Alarmstufe Rot vor dem Spiel zwischen dem 1. FC Kaiserslautern und Eintracht Frankfurt am kommenden Sonntag (15.30 Uhr):

Eintracht-Anhänger der sogenannten Ultra-Szene haben im Internet unter der Überschrift "Pfalzüberfall 2010 - Schlachtfest in Kaiserslautern" mehr oder weniger offen zur Gewalt aufgerufen.

Der Deutsche Fußball-Bund (DFB) und die Polizei haben die Begegnung als Risikospiel der höchsten Stufe eingeordnet.

"Wir werden so schnell wie möglich mit den Vereinen, den Fanbeauftragten und Fanprojekten in Kontakt treten", sagte der DFB-Sicherheitsbeauftragte Helmut Spahn dem Fachmagazin "kicker".

Der DFB-Kontrollausschuss-Vorsitzende Anton Nachreiner sprach von einer "sicherheitspolitischen Frage".

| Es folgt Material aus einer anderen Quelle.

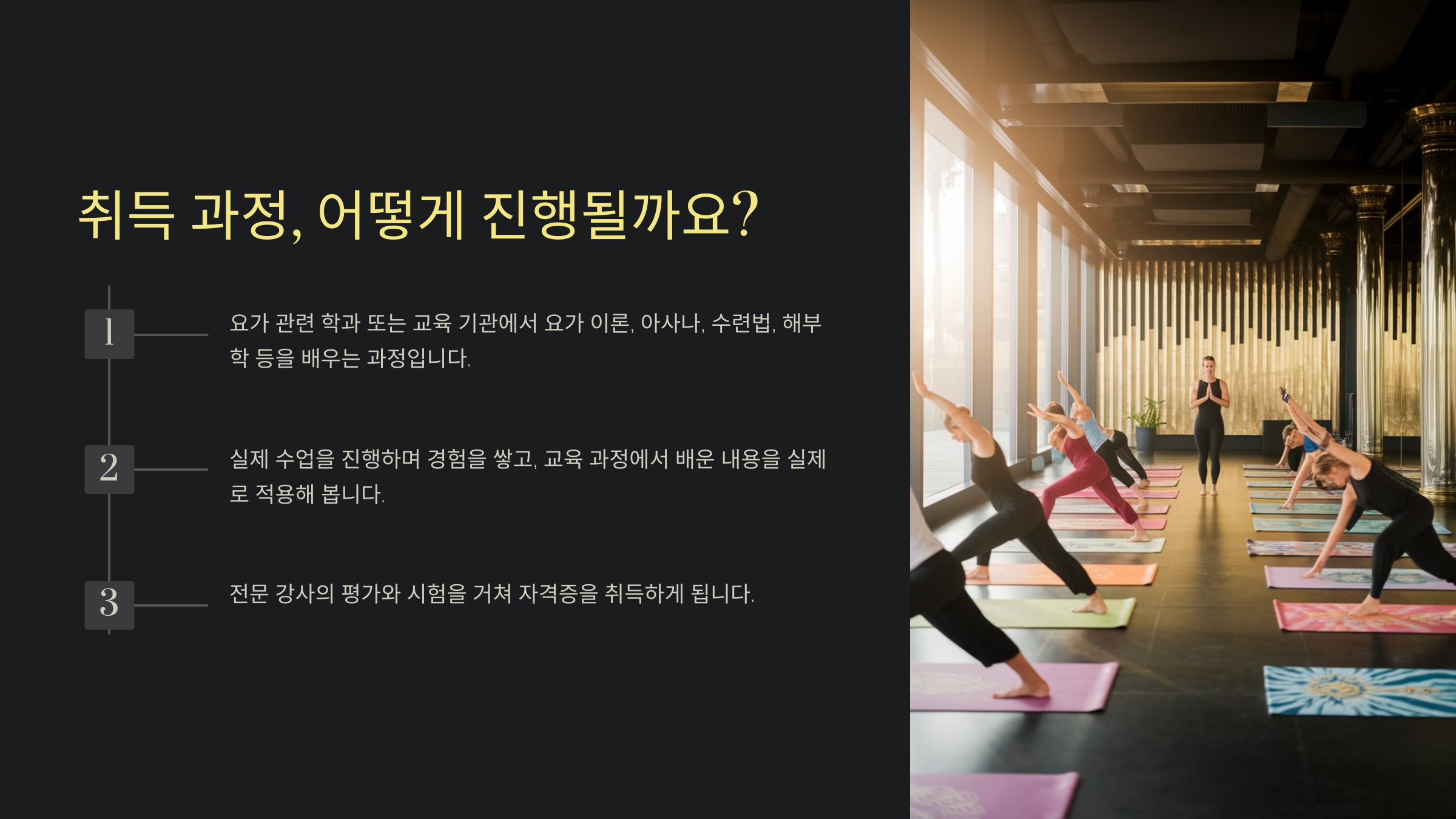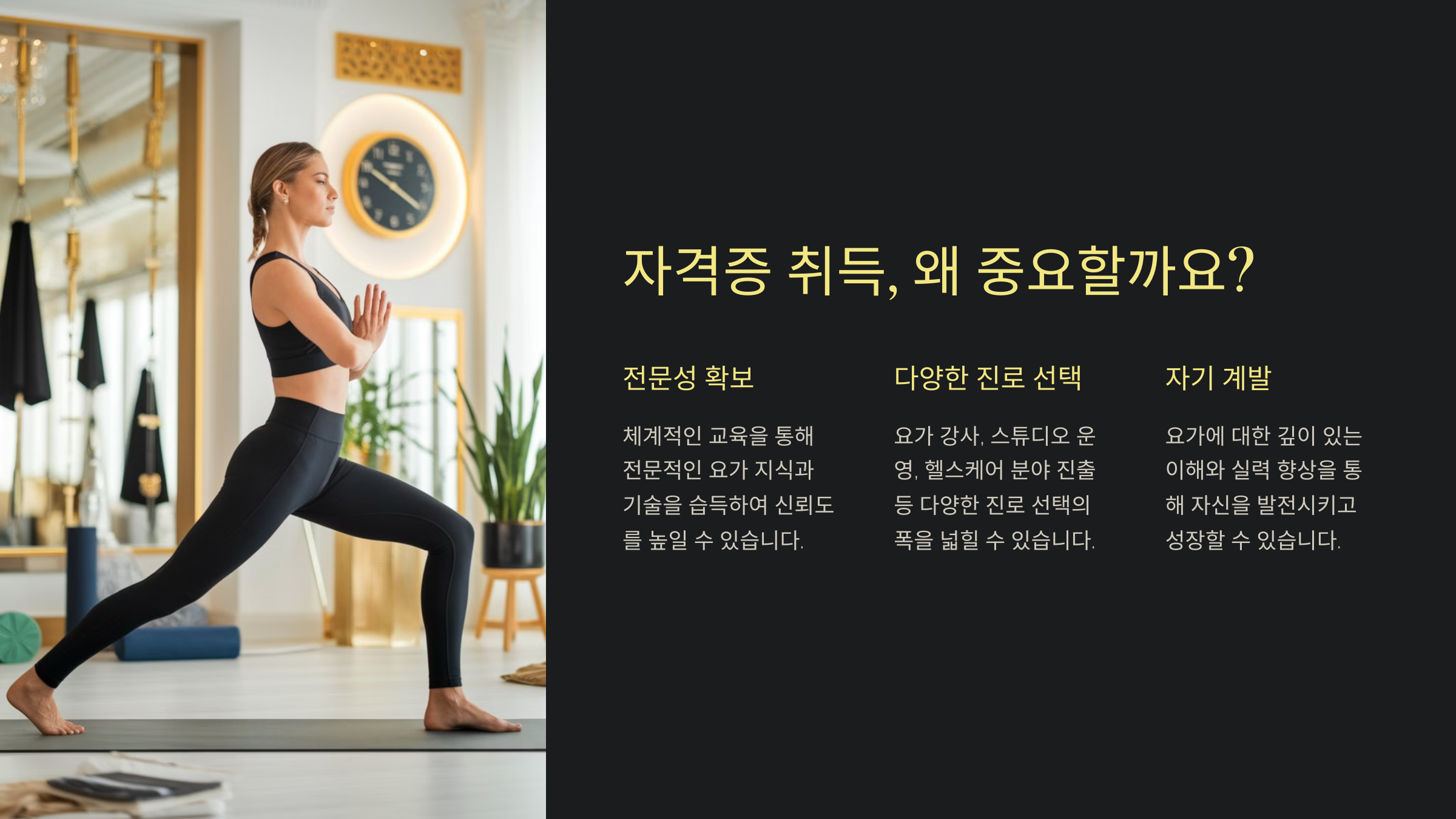 요가 강사 자격증은 전 세계적으로 인정받으며, 건강과 웰빙을 지향하는 현대인들에게 큰 관심을 받고 있어요. 이 자격증은 단순히 운동을 가르치는 역할뿐 아니라, 몸과 마음을 연결하는 특별한 경험을 제공합니다.

Eintracht-Vorstandsboss Heribert Bruchhagen ist wegen des skandalösen Aufrufs fassungslos und befürchtet bei einer Eskalation auch Sanktionen gegen den Klub. "Wir sind im Fokus und hochgradig gefährdet", sagte Bruchhagen.

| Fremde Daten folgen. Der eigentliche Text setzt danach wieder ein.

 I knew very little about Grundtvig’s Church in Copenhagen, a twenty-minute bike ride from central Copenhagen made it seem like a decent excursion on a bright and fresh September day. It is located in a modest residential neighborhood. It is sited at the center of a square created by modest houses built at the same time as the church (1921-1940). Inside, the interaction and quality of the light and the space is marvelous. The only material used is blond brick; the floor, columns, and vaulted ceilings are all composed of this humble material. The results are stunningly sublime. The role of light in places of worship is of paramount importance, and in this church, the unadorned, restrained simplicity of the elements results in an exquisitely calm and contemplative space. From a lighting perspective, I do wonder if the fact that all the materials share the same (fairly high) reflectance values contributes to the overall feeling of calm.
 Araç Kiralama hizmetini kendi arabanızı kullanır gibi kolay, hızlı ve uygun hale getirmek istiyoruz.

Da die Hessen zuletzt wegen Ausschreitungen der Fans schon mehrmals mit Bußgeldern belegt worden sind, drohen der Eintracht bei Fan-Krawallen im schlimmsten Fall Sanktionen vom "Geisterspiel" unter Ausschluss der Öffentlichkeit bis hin zum Abzug von Punkten.

Auf der Internetseite der Frankfurter Ultras sind ein Metzger mit einem Beil und Eintracht-Schriftzug sowie ein aufgehängtes Schwein mit dem FCK-Emblem abgebildet.

Die Ultras sprechen vom "Spiel gegen die Inzucht" und "Zivilisation gegen primitive Bauern". Auf der Website heißt es weiter: "Wir werden als großer Frankfurter Mob per Zug in der Pfalz einfallen - macht mobil - sagt allen Bescheid!"